By Lawrence R. Casler

In the absence of Mr. Koussevitzky, who is on a holiday before his performance of Beethoven's "Missa Solemnis" next week, the Boston Symphony Orchestra concerts this afternoon and tomorrow night will be conducted by the Anglo-Belgian director, Mr. Eugene Goosens, known in this country for his work in Rochester and Cincinnati. Despite the obvious fact that Mr. Goosens waves the longest stick seen here in recent years, he is essentially a quiet conductor, in marked contrast to the Orchestra's other guests of late. And as leader of the Orchestra, he is firm and competent in securing what he wants.

Mr. Goosens's unhackneyed programme comprises three works new to these concerts and a rarely played Tschaikovsky symphony. The first number, Handel's Overture to the "Occasional Oratorio" (the "Occasion" having been to celebrate the second Stuart rising against the House of Hanover in 1745), is a powerful and exhilarating piece which suffers in performance only from the cruelly high and long trumpet parts typical of the early 18th century. There are three movements: a grave introduction and quasi-fugal allegro, a fine slow movement with oboe solo, and a rousing finale.

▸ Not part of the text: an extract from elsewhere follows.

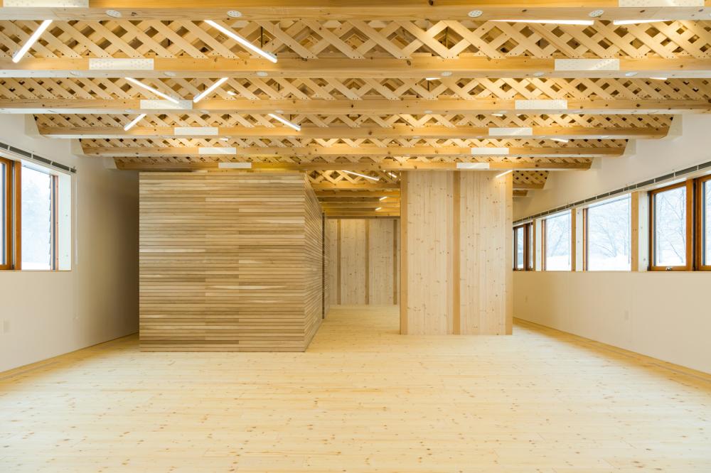 木造の組立梁は案件ごとの複雑な計算など設計の負担も大きいが、必要なデータの整備・共有が進めば、地元の設計者と施工者の手で、その地域の材料からスパンの大きな建築物もつくることができる。下川町プロジェクトでは、汎用性の高い学校教室程度のスパンに挑戦したが、今後更に、トドマツの豊富な蓄積量を背景に、トラス・ラティス梁の設計要領・スパン表等と部材をパッケージにしたパーツキットの輸出等も検討できるだろう。
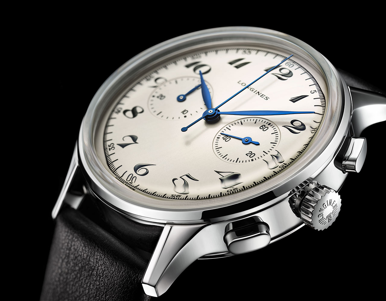Повторяя дизайн исторической модели, новый хронограф имеет выпуклый серебристо-белый циферблат с двумя искусно выполненными счетчиками: один на 30 минут, второй – для малой секундной стрелки. Гармоничные арабские цифры в характерном для того периода курсивном шрифте «dolphin» придают этим часам неповторимый облик. На циферблате у отметки «12 часов» символами в античном стиле изящно нанесена надпись «LONGINES». Подчеркивают красоту этих элегантных часов синие стальные стрелки листообразной формы под сапфировым стеклом с антибликовым покрытием.

Then follow a number of movements from Schumann's "Carnaval," a set of short piano pieces here given in a workmanlike, never unduly colorful orchestration made by Rimsky-Korsakov, Glazunov, Liadov, and Nicolas Chereprin for the Russian Ballet. The most pleasant piece, "Reconnaissance," is omitted; but the rest is good to hear nevertheless. The final march in three-quarter time may puzzle some people.

The conductor appears as composer in two so-called "Nature Poems," orchestrated last year from a set of three written in 1919. This curiously un-vital music consists of a slight Pastoral and a more amusing Bacchanal, composed in a rather wayward French style, uncommonly exotic for an Englishman. The treatment of the orchestra is less brilliant than one might expect.

As a conclusion to the concert, Tschaikovsky's interminable and noisy "Manfred" Symphony is an anti-climax. This work is a series of four symphonic poems intended to illustrate Byron's dramatic poems intended to illustrate Byron's dramatic poem of the same name in three acts, begun in 1816. Those who are annoyed by the program of Berlioz's "Symphonic Fantastique" will find the combination of Byron's story and Tschaikovsky's music even less to their taste. The scherzo, which is mostly a representation of an Alpine waterfall, is very fine and strangely restless in mood, with admirable orchestral effects; but the other three movements are quite bad. Still the first half of the concert is well worth hearing; and it is a pleasure to have Mr. Goosens as guest conductor.